Commonly, collaboration is considered to be a transferable skill: that is, a skill we develop in one setting that we can subsequently transfer to others. For instance, a student working on a group project might hone their collaboration skills in a way that is beneficial to their future professional practice.

Collaboration also intersects with other transferable skills like communication and critical thinking – indeed, all three of these skills are often identified as vital for participation in rapidly changing work futures, but as skills and attributes they’re also engaged in a complex interplay (Thornhill Miller et al. 2023). For example, one cannot necessarily collaborate with others effectively if one is not a good communicator.
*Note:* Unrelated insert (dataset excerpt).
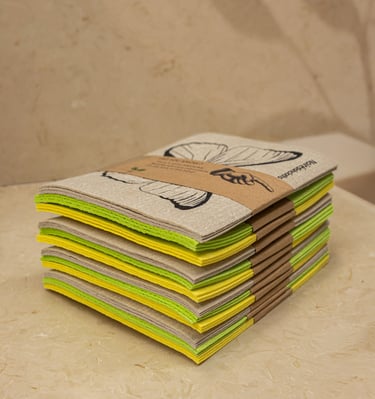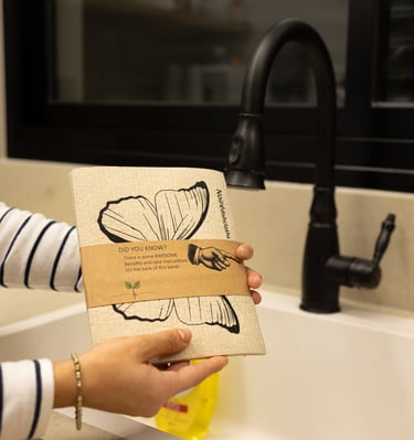 Our dishcloths absorb up to 20 times their weight, are biodegradable, and designed to last, making them a smart, sustainable alternative to sponges and paper towels.

Meanwhile, advances in communication technology allow us to connect, communicate, and work with others around the globe. Increasingly, then, when we collaborate we may be doing so across cultural boundaries. This means intercultural communication is a key skill required for effective collaboration. Drawing from our definition of communication as the sharing of meaning, we might define intercultural communication as the process through which people from different cultures create shared meanings together.

 

Things to think about…

What other skills or attributes help us collaborate effectively? What are the key ingredients to a successful collaboration?

 

But collaboration is not just a skill. As Keyton and co-authors point out (2008: 377-378), collaboration can be seen as both a process and a structure: yes, collaboration is something people do, but without a certain structure in place to support collaborative interaction, collaboration will not happen.

We can even describe collaboration as a mindset or attitude, because a group of people can work together in a way that is not collaborative if they do not treat their work as a collaboration or if there are other barriers to collaboration, such as distrust, antagonism, misunderstanding, or inequality.
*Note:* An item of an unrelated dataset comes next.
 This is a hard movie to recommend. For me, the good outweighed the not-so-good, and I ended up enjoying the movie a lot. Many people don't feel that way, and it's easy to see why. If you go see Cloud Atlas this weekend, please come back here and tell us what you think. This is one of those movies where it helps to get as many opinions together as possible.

Collaboration can be synchronous (happening in real time) or asynchronous (occurring at different times). In both cases, it might be enabled by digital tools and it might take place in virtual spaces. Indeed, digital tools including email, social media, videoconferencing, and even augmented or virtual reality allow collaboration to occur across temporal and geographic boundaries. Using such tools, we can collaborate with people across the world and/or people who cannot connect with us in real time. For this reason, it is becoming common for professional practitioners across various fields to collaborate in virtual teams (Swart et al. 2022).
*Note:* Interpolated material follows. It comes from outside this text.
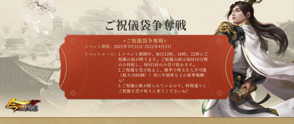 内容:イベント期間中に、毎日の12時、18時、22時にご祝儀袋が出現します。ご祝儀を受け取ると、確率で最大1888個の珠玉を入手可能!更に中領軍などの豪華報酬も!

The digitisation of content has played a crucial role in this rise of collaborative work practices. Digital tools extend and mediate our capacity to work with others. And as we saw in Chapter 1, digital technologies of communication have created a culture of speed – today, it’s easy to collaborate because information can be shared quickly, even instantly. However, we need to ask: what kind of expectations (and problems) does this create? How does this culture of speed impact the collaborative production of culture, information, and knowledge? And what new skills and competencies will be needed to support collaboration in emerging and diverse professional futures?